Plan A Occlusion and Reversal System Feasibility Study

Exclusion Criteria16

• (On exam, has any of the following); one or both vasa not present, abnormal scrotum, large varicocele, hydrocele, filariasis or elephantiasis of scrotum, or intrascrotal mass that would make the subject not suitable for the study.
• Prior testicular surgery, testicular injury or prior vasectomy with vasovasostomy (vasectomy reversal)

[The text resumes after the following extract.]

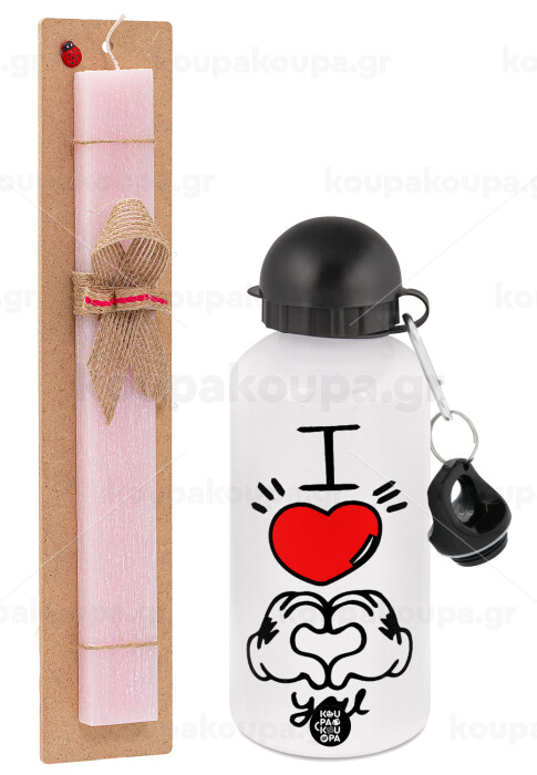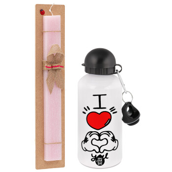 comics hands love, Easter Set, metallic aluminum bottle (500ml) & aromatic flat Easter candle (30cm) (PINK)

• Recurrent pain with ejaculations
• Has known allergic reaction to sulfur-containing products or has had a prior severe allergic response to injectable or implantable devices
• Has local genital infections such as balanitis, scrotal skin infection, epididymitis, or orchitis, or tender (inflamed) tip of the penis, but may be enrolled after resolution of an acute infection
• History of prostatitis or benign prostatic hypertrophy requiring treatment
• Has undergone prior chemotherapy
• Has known current coagulopathy or other bleeding disorders
• Currently taking or planning to take any type of systemic medication which could affect sperm count or ejaculation (e.g., anabolic steroids, chemotherapy, alpha blocker)
• Subjects with cystic fibrosis
• Subjects with a history of inguinal hernia repair
• Vulnerable subjects (e.g., subjects with cognitive challenges, incarcerated, etc.)

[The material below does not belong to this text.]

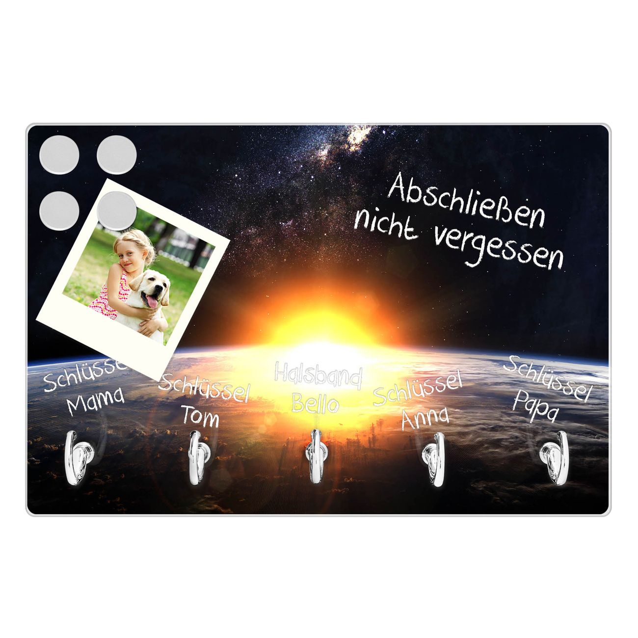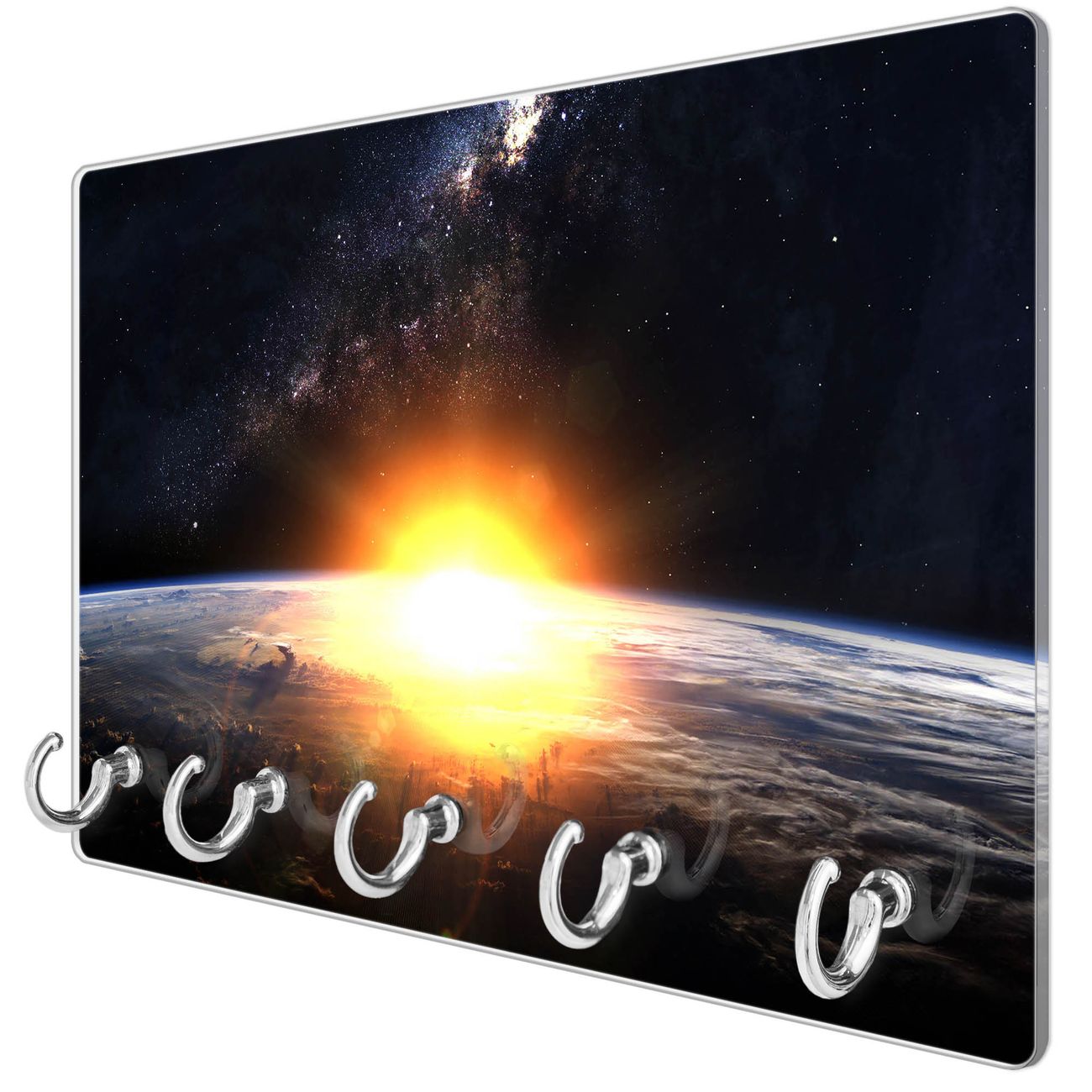 Glas Schlüsselbrett mit 5 Haken Sonne im Weltall

• Currently participating in another study involving an investigational device or drug (or has participated in a study within the last 30 days prior to screening).

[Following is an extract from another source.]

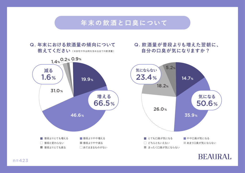 質問「年末における飲酒量の傾向について教えてください※自宅や外出時を含める全ての飲酒量」に対して、66.5%が「増える」と回答しました。さらに、質問「飲酒量が普段よりも増えた翌朝に、自分の口臭が気になりますか?」に対して、50.6%が「気になる」と回答しました。

• Any site staff member with delegated study responsibilities or a family member of a site staff member with delegated study responsibilities
• In the opinion of the Investigator, there are issues or concerns that may compromise the safety of the subject or confound the reliability of compliance and information acquired in this study
• Has any condition that, in the opinion of the Investigator, would interfere with evaluation of study treatment or interpretation of patient safety or study results.